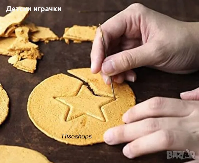 Комплектът включва 1 комплект тесто - моделин, различни формички и игла.
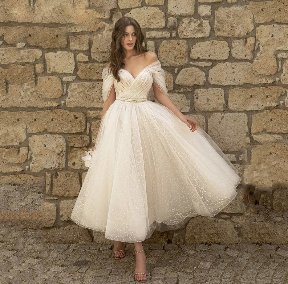 Off-the-shoulder A-line glitter tulle wedding dress Deborah
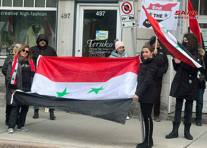 Ottawa – SANA / En poursuite de la campagne « levez le siège imposé à la Syrie », la ligue arabe à Ottawa a observé hier un sit-in de solidarité devant l’ambassade américaine à Ottawa pour appeler à la levée des mesures coercitives imposées à la Syrie.
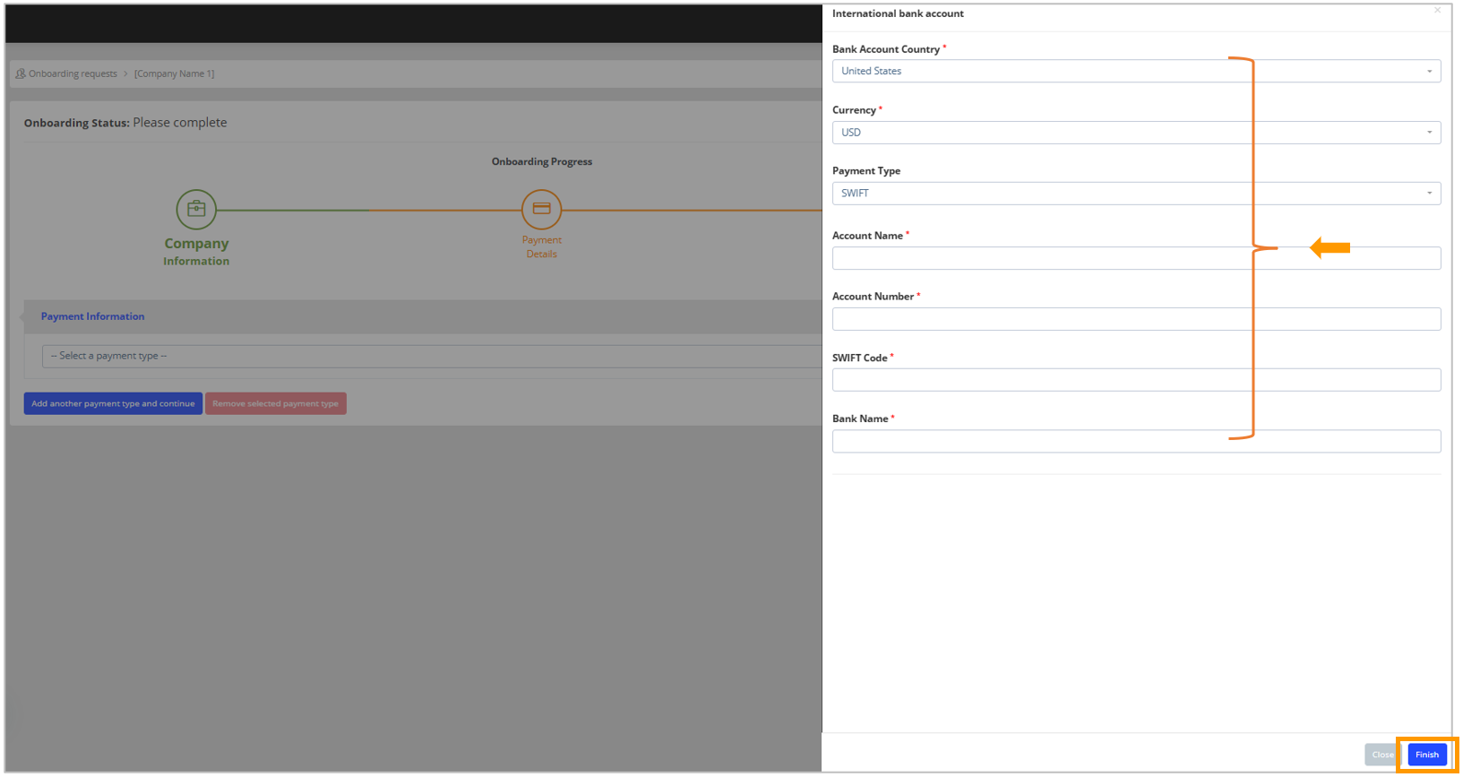 Here is a step-by-step guide on how a new international supplier will complete an onboarding form.
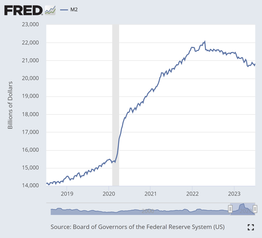 The second pessimistic chart is M2, a broad measure of the money supply.
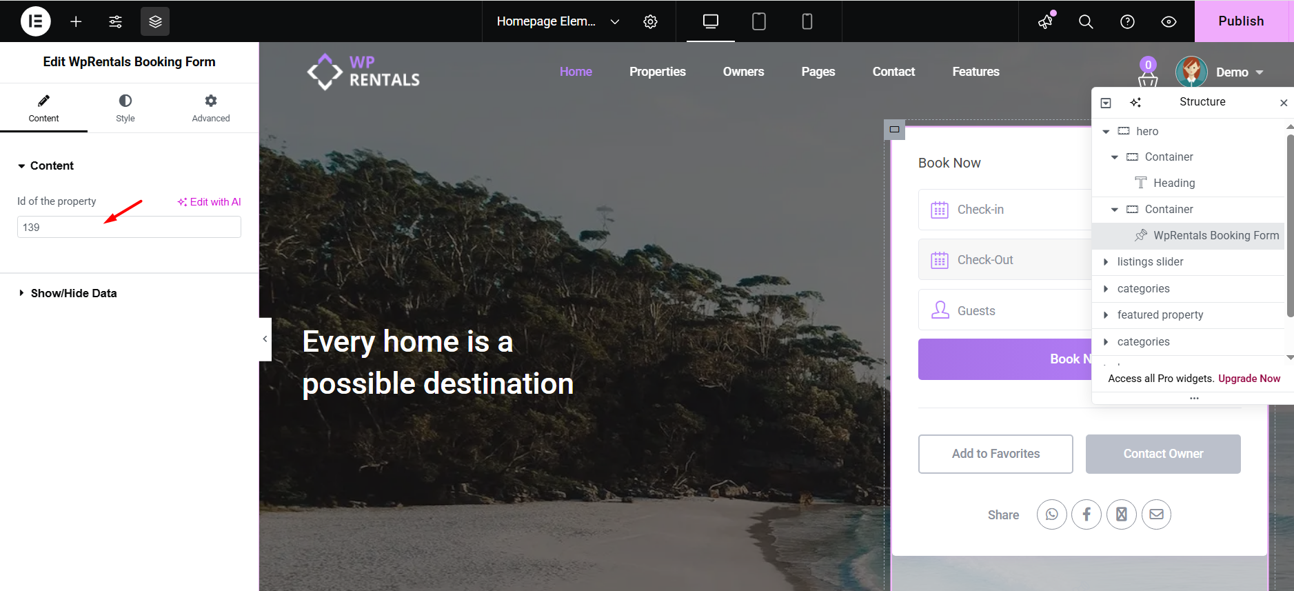 Select and add the property ID for which the booking form applies. Get the ID from the Listings list
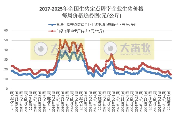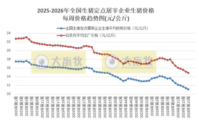 据农业农村部监测,2026年4月6—12日,生猪定点屠宰企业生猪平均收购价格为11.12元/公斤,环比下降2.5%,连续7周环比下降,至少是近10年最低价,同比下降31.1%。
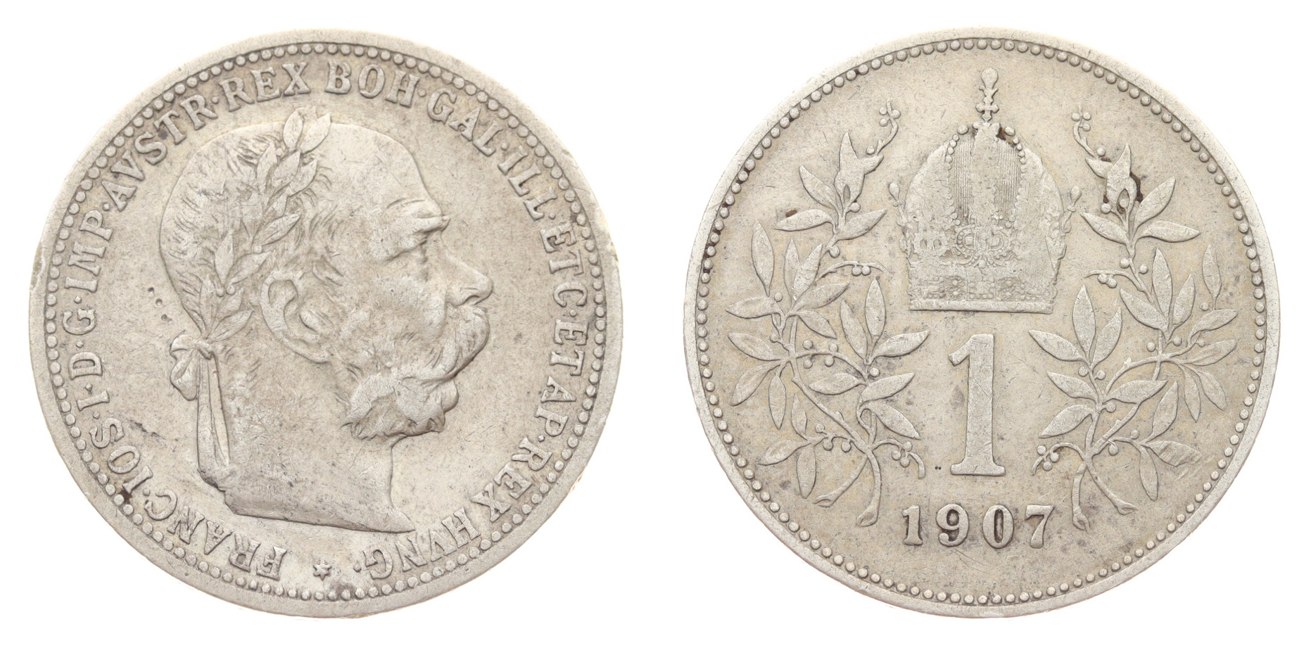 1 Koruna, 1907, Ag mince, váha 5 gramů, Ves. 132, stav 1/1-, viz autentické foto
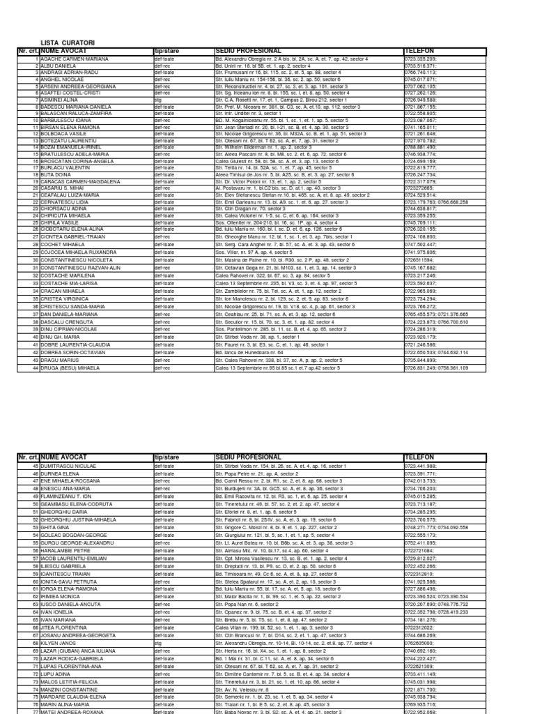 Nr. crt. NUME AVOCAT
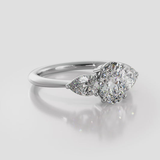 Elegant Three Stone Oval And Pear Diamond Engagement Ring
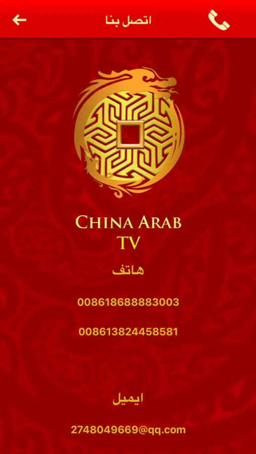 China Arab TV (ChatTV) is the first Arabic channel broadcasting from China to Middle East through NileSat Frequency:11602H .
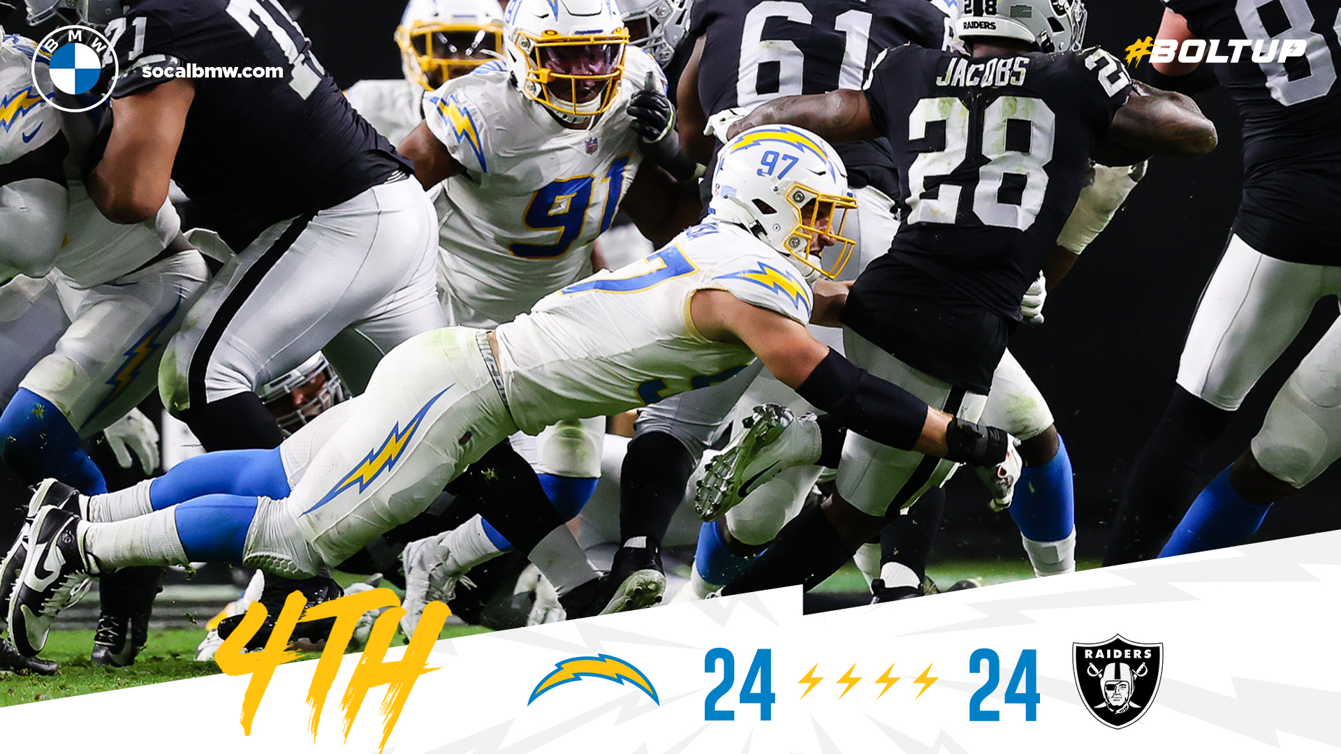 And that was your first half — the Chargers went to the locker room after 30 minutes leading the Raiders, 17-10.
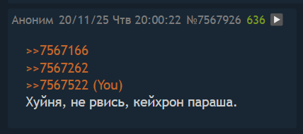 Кароч, я починил клавиатуру, одну из двух, вторую убил нахуй походу, потому что даже при отсутствии свитчей в плате оно все равно высерало всякие тайные послания инопланетян или рептилоидов. Видимо купание в растворителе и последующая неделя откисания в пакете помогло ее оживить, все кнопки жмутся, подсветка робит, заебись. Одна беда, я уже заказал на авитыче другую, такую же что мертвая, но проводную версию, т.к. в ней стоят друие свитчи в отличие от беспровода. Что бы мне тут не писали, хоть это и красный квадрат но мне нравится как оно звучит, т.н. тъхок присутствует, или клак, хуй знает, но звучит приятненько. Она кстати продается, 1500, но тут она вряд ли кому-то нужна.
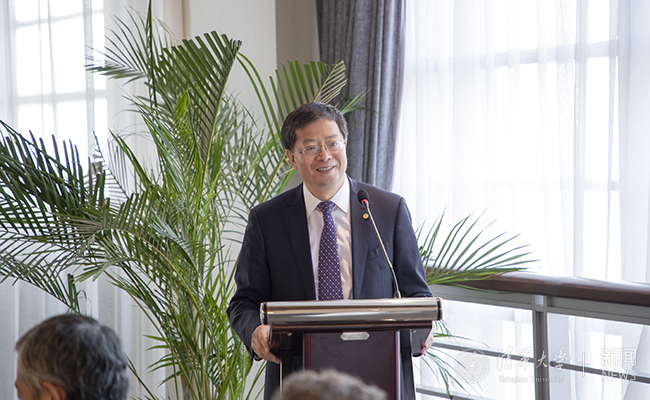 “As we celebrate the 107th anniversary of Tsinghua this year, we are at a transitional phase from the first to the second century in the history of Tsinghua. At this critical turning point, we are reflecting upon our own history and heritage, and thinking about the next step; what should we cherish and what should we change?” asked President Qiu. He explained Tsinghua’s traditions and educational concepts around the two key words of “heritage” and “reform,” and introduced the reform initiatives and important achievements of Tsinghua in recent years. President Qiu noted that Tsinghua carried forward the fine tradition of attaching importance to faculty, and had established a tenure track system in the university. The new system encouraged a batch of young faculty to join Tsinghua, bringing fresh blood to the campus. Based on the university motto of “Self-discipline and Social Commitment,” and the Tsinghua spirit of “Actions Speak Louder Than Words”, Tsinghua proposed a new educational paradigm: the shaping of values, the cultivating of skills and the imparting of knowledge, while vigorously promoting education in innovation and entrepreneurship and focusing on general education. In scientific research, the university has a tradition of addressing the critical challenges of national priority, and now actively promotes interdisciplinary and cutting-edge research. In terms of international cooperation, Tsinghua launched its global strategy in 2016. Tsinghua highly values international cooperation and exchange with its partners around the world.
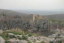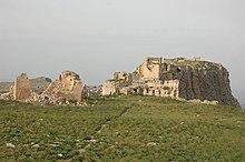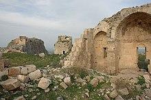 In late 1097 or early 1098 it was captured by the armies of the First Crusade and was incorporated into Bohemond's Principality of Antioch. The Crusaders are probably responsible for the construction of an impressive donjon atop the center of the outcrop. Most of the remaining fortifications, including the curtain walls, massive horse-shaped towers, undercrofts, cisterns, and free-standing structures date from the Armenian periods of occupation, which began with the arrival of the Rubenid Baron T‛oros I, c. 1111.[6] The site briefly exchanged hands between the Greeks and Armenians, until it was formally part of the Armenian Kingdom of Cilicia. Within the fortress are two Armenian chapels and the magnificent (but severely damaged) three-aisle church built by T‛oros I to celebrate his conquests.[7][8] The church was once surrounded by a continuous, well-executed dedicatory inscription in Armenian.

________

## Exercise:
Copy exactly the material above from the line with "1 Koruna, 1907, Ag" to the line with "Elegant Three Stone", ends included, and nothing else. Leave out any picture.

## Your response:
 1 Koruna, 1907, Ag mince, váha 5 gramů, Ves. 132, stav 1/1-, viz autentické foto
 Nr. crt. NUME AVOCAT
 Elegant Three Stone Oval And Pear Diamond Engagement Ring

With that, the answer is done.